However, I am starting to get nervous.

My endo said most people actually choose the RAI. I think most people think it is easier. However, as you said there can be lots of problems with side effects.

Has anyone heard or know anything about another option which I have read a little about. I have read that they can inject alcohol into the nodules. A few books on hyperthyroidism and the thyroid I have gotten mention this. However, I don't think it is widely practiced.


----------



## Andros (Aug 26, 2009)

cathyl111 said:


> I have a multinodular goiter on one side which was followed by an endo for many years. About a year and a half ago, my bloodwork finally showed hyperthyroidism. I had the uptake scan done which showed a hyperfunctioning nodule on the right side with suppression on the left lobe. The uptake was 36% (I was told normal was 10-35%).
> 
> My endo put me on 10 mg daily of methimazole. Bloodwork every couple of months followed, and he lowered dose to 5 mg as bloodwork showed I was in normal levels. He is not happy I am on methimazole for so long. However, I can't decide what I should do.
> 
> ...


Yes; your liver enzymes could be greatly affected with long term use of anti-thyroid meds.

Also, you have to stop and ask yourself, "Do I really feel good most of the time, if not all the time?"

This is a very hard decision for you to make because it is a permanent decision no matter which way you go.

I do know that I personally would chose the surgery. However, there are many here who had partial thyroidectomy and years later had to have the other side removed.

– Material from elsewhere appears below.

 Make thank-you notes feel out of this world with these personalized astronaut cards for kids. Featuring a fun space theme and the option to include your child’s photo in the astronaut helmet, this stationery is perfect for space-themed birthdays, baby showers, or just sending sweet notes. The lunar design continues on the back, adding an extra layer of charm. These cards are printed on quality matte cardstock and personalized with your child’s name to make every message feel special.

You will get plenty of input from our posters; you can be sure of that. Lots of experience around here.


----------



## cathyl111 (Oct 30, 2011)

To tell you the truth, I felt better when I was not on the methimazole. I feel like I am constantly catching a cold while on this medication.

Going to the endo tomorrow with lots of questions. I really want to find out more about the alcohol ablation.


----------



## Andros (Aug 26, 2009)

cathyl111 said:


> To tell you the truth, I felt better when I was not on the methimazole. I fell like I am constantly catching a cold while on this medication.
> 
> Going to the endo tomorrow with lots of questions. I really want to find out more about the alcohol ablation.

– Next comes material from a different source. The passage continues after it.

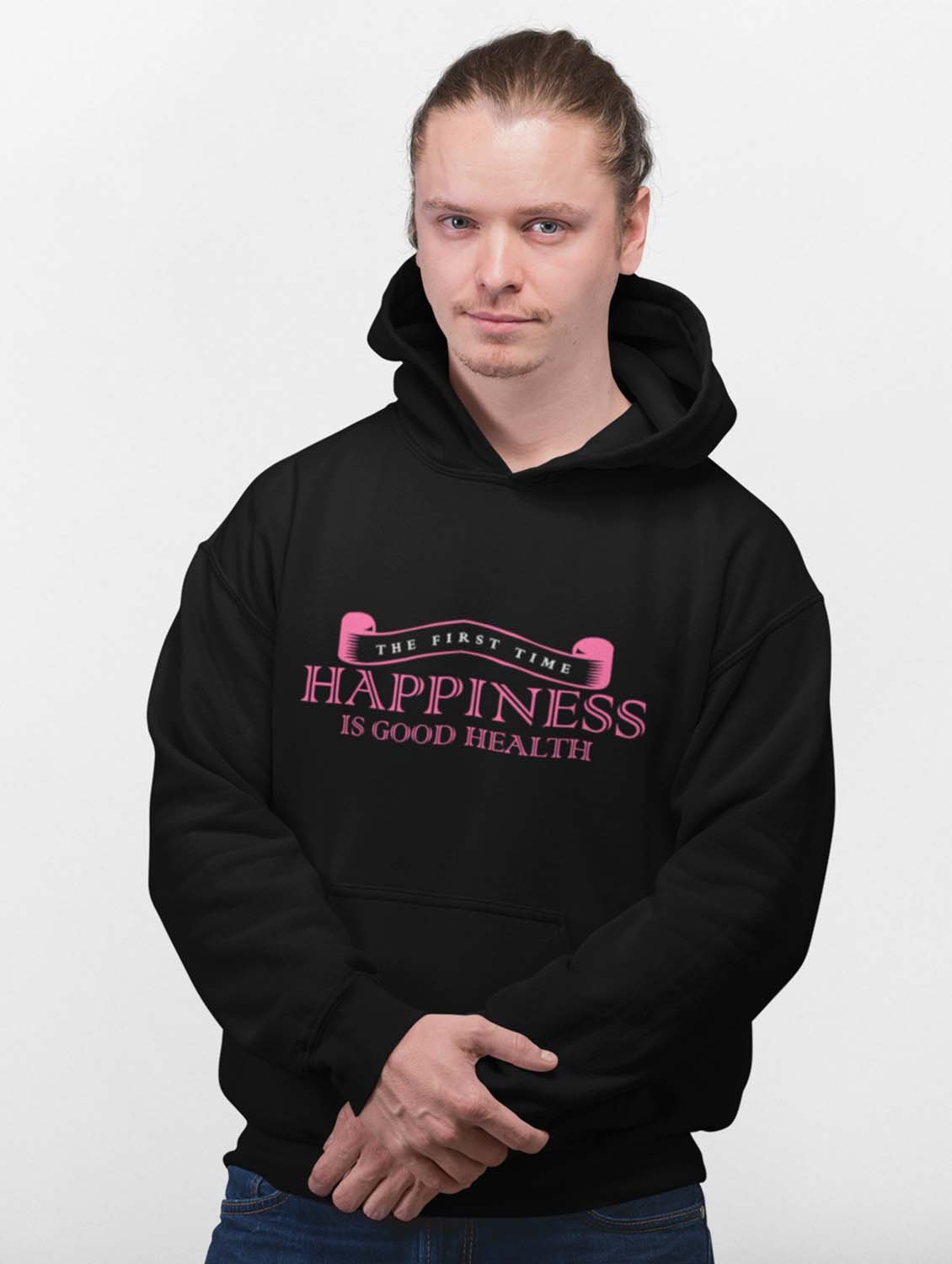 The First Time, Happiness printed artswear black hoodies for winter casual wear specially for Men

I could not agree more; I was horribly ill on the Methimazole myself.

Let us know what you find out about the alcohol ablation.


----------



## Octavia (Aug 1, 2011)

cathyl111 said:


> Thanks Joplin.
> 
> My endo said most people actually choose the RAI. I think most people think it is easier. However, as you said there can be lots of problems with side effects.

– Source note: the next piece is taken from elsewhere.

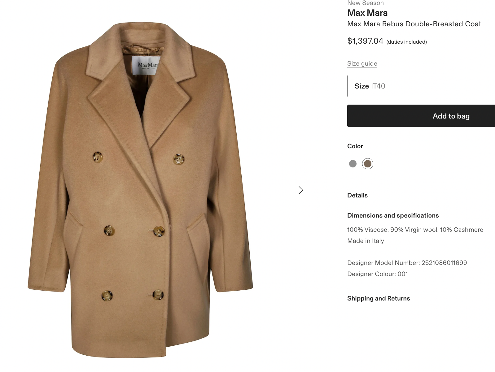 哈囉大家好,我是小迪!今天要跟大家分享的是經典MAX MARA 101801大衣的超值折扣情報。這款大衣已經有一段時間沒有出現折扣了,數量非常有限,記得切換到美國站購買,這樣可以免關稅哦!

Sounds like your endo deals with this at least fairly frequently. What percentage of those who choose RAI end up needing to take replacement hormone? My understanding is that the RAI would have to be EXACTLY right in order to get the EXACT results that would enable you to no need meds, and that is pretty rare. On the other hand, if you get a partial thyroidectomy, there's no certainty about whether the remaining half will work as you need it to, to avoid meds. So many unknowns...

I am curious to hear what you find out about the alcohol method, too.

Best wishes for your appointment.


----------



## cathyl111 (Oct 30, 2011)

I don't think there are any guarantees either way.

Just got off the phone with a friend who had thyroid cancer (which I don't have) and she said that after her surgery she had to follow up with the RAI, and she said she really didn't have any of the side effects. It took the endo a while to get her balanced, but she did really well. I am seeing her endo because of her referral.

You just don't know. As has been mentioned, I could have the surgery and have to still take thyroid medicine if the other half of the thyroid does not function properly or have to eventually have the other half removed also.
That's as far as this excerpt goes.